We're thrilled to be announcing the arrival of TIME macro and micro on SINE today. ⏲️

You can see the OP for all the details - but we wanted to share this amazing use-case by Alex Lamy with you all! 



Best,
OT


----------



## OrchestralTools (May 10, 2022)

davidson said:


> So do owners of the kontakt versions have to buy again or are the titles added to our libraries automatically?


Hello - a newsletter will be sent out to all Kontakt owners in the next hours which will explain how the crossgrade will work 🙂


----------



## muddyblue (May 10, 2022)

holywilly said:


> When are we able to import Time series to SINE from Kontakt?
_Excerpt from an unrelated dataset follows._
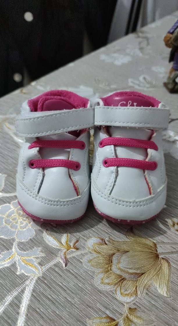 Renkli pembe bağcıkları ve cırt cırtlı beyaz ilk adım ayakkabısı, kauçuk malzemeden üretilmiştir.

It works already, just use your serial number from your N.I Access


----------



## lucky909091 (May 10, 2022)

Yes! Great offer for Kontakt users! Thanks!


----------



## Sunny Schramm (May 10, 2022)

The free crossgrade works fine. Nice to have both options ❤️


----------



## mostexcellent (May 10, 2022)

Are there any Sine features worth switching over from Kontakt? I did the crossgrade, but other than Time Micro taking a little less space I'm not sure if it's worth reinstalling.


----------



## ism (May 10, 2022)

These are both wonderful libraries.

And let me suggest something as entirely a killer app for the Sine player:

For anyone who has Time Micro/Macro on sine, as well as the Special Bows/First Chairs/Berlin Strings/etc also on Sine, if you could use the legatos from these libraries on the Time patches, in exactly the same way you can on non-legato patches within the libraries via the capsulate technology (in Sine) ... this would really expand the expressive space of the Times.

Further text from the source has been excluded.